Reno delight the fruits of the divorce - seekers wallets , and in turn of events , the women got a taste for what it was like to be unhitched in a frontier sac that was morally … let ’s just say , elastic . They got sitter for their kids and went out on the township . They danced , flirted and had affairs , take chances and went to tavern unaccompanied . The eternal sleep of the land calculate in throughpulp novelswith title likeReno Rendezvousand titillating magazine articles like " My Dude Ranch Love Affair , " put out in a 1938 issue ofTrue Confessions .
For some divorce - seekers , it was a time to release themselves of the bounds of marriage once and for all . Others came with “ spares , ” or humankind that they would tie as soon as their marriage was discerp . And some would pick up a new beau along the style . There ’s even one account of a woman turning in good order around andmarrying her divorcement attorney .
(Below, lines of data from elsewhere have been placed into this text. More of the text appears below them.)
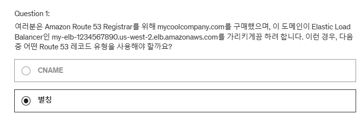 1. 여러분은 Amazon Route 53 Registrar를 위해 mycoolcompany.com를 구매했으며, 이 도메인이 Elastic Load Balancer인 my-elb-1234567890.us-west-2.elb.amazonaws.com를 가리키게끔 하려 합니다. 이런 경우, 다음 중 어떤 Route 53 레코드 유형을 사용해야 할까요?
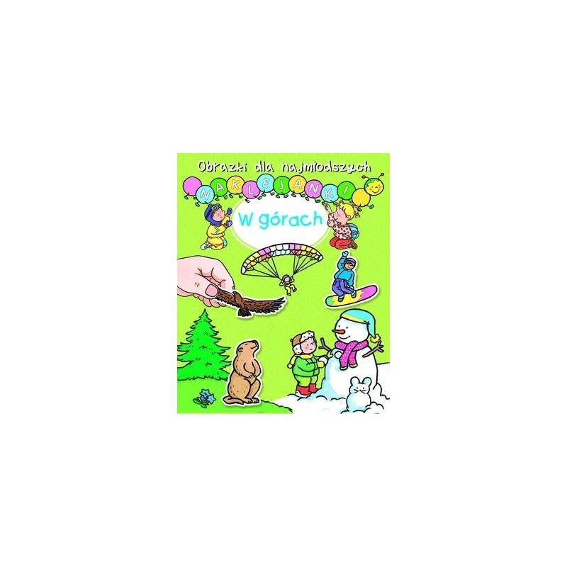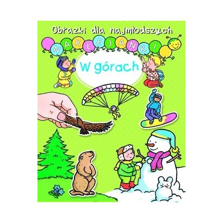 Dzięki zabawie z naklejkami najmłodsze dzieci poznają życie w górach. Na każdej stronie dzieci mogą umieszczać naklejki przedmiotów, które rozpoznały i dopasowały. W serii `Obrazki dla najmłodszych. Naklejanki` ukazały się tytuły: Robimy zakupy, Boże Narodzenie, Szopka, Święty Mikołaj, Dinozaury, Małe stworzonka, Cyfry, Kolory, Zwierzęta, Klub jeździecki, Domowe zwierzątka, W górach, Na wsi, Pojazdy.
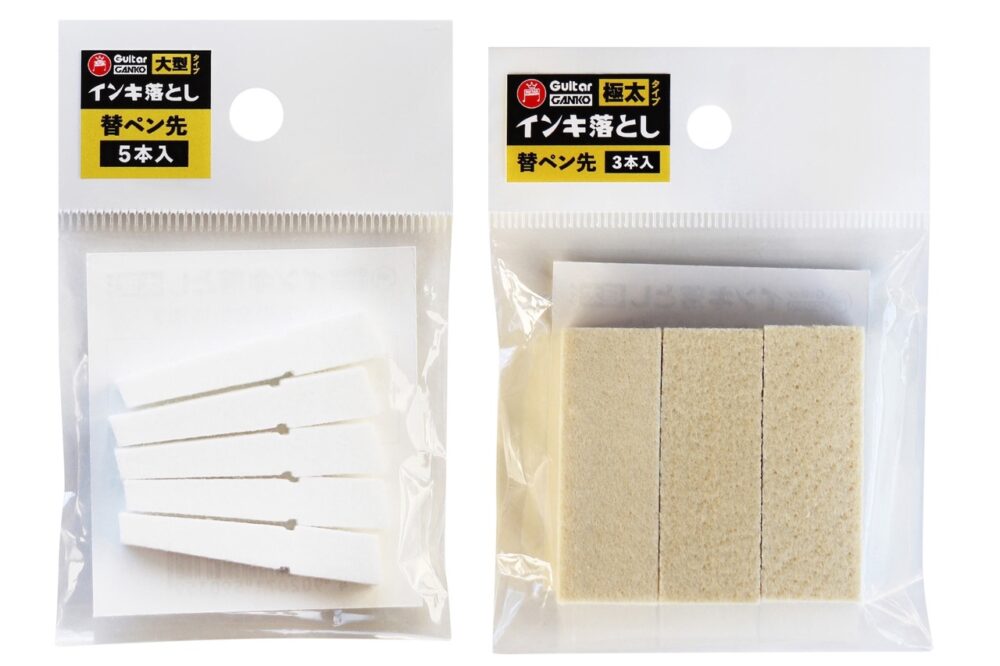 油性・水性インキ、パス、クレヨンなどを簡単に除去出来る「ギター ガンコ インキ落とし」に、1月5日(水)より、補充液と替ペン先が新登場。
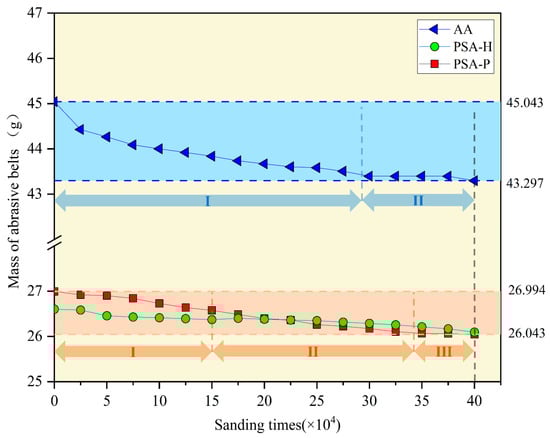 From the mass changes in abrasive belts depicted in Figure 12, a continuous decline in mass is evident that abrasive belts undergo continuous wear. In stage I, AA experiences a significant mass loss, while PSAs exhibit a stable decline in mass. Stage II exhibits a linear, steady decline or minimal variation, indicating stable wear. The mass change in stage III is minimal. And the mass loss of the PSA is more than 1.8 times lower than that of the AA, indicating that the wear pattern experienced by the PSA is more stable.
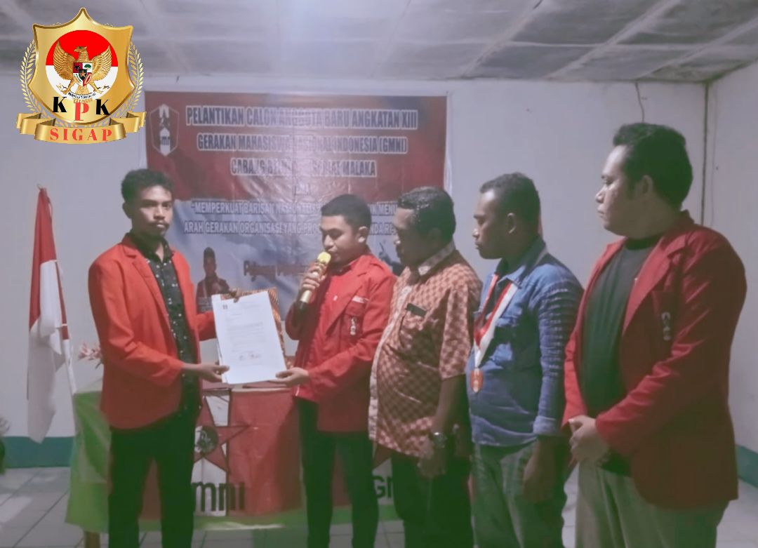 MALAKA_ kpksigap.com Ketua Dewan Pimpinan Daerah Gerakan Mahasiswa Nasional Indonesia (DPD GMNI) Nusa Tenggara Timur, Marianus Krisanto Haukilo, secara resmi menyerahkan Surat Keputusan (SK) Dewan Pimpinan Cabang (DPC) Caretaker GMNI Malaka, Sabtu, 11 Januari 2025.
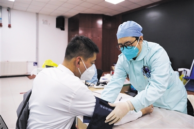 12月22日,朝陽區(qū)左家莊街道辦事處,醫(yī)護工作者為獻血者測量血壓。新京報記者 王飛 攝

Divorce ranches look like a good time.|Keystone-France/Gamma Keystone/Getty Images
Las Vegas gets in on the action
But Reno was about to have some competition . In 1931 , Las Vegas was still a sleepy village of about 5,000 , but with the launch of the Boulder Dam ( now the Hoover Dam ) , workers promptly well the universe to about 25,000 . And though the city still lacked a decent hospital ( that could come a few calendar month later , thanks to injury sustained at the dekametre ) , visitant to Las Vegas could now gamble to their hearts ’ content — in fact , the first gambling license in all of Nevada was given to Mayme Stocker at Vegas ’ Northern Club .
Slots - athirst holidaymaker flooded into Vegas from Los Angeles , but Reno still had the monopoly on the divorcement bunch . In an attempt to get their hands on a piece of their babe city ’s economic gold mine , they did what Vegas is so well known for today : They kicked off a celebrity residency .
In 1939,Ria Langhamwas a wealthy socialite with a affair for actors , married to up - and - coming heartthrob Clark Gable . She was on her fourth marriage , him , his second . But though she played a major part in elevating his public visibility ( not to bring up wardrobe and grooming habits ) , the trade union was moderately one - sided . Gable was often figure stepping out on the townspeople with his female Colorado - star , with many a flirt sweep under the rug . That was , until he gather comedienne and Hollywood darling Carole Lombard on the set of 1932’sNo Man of Her Own .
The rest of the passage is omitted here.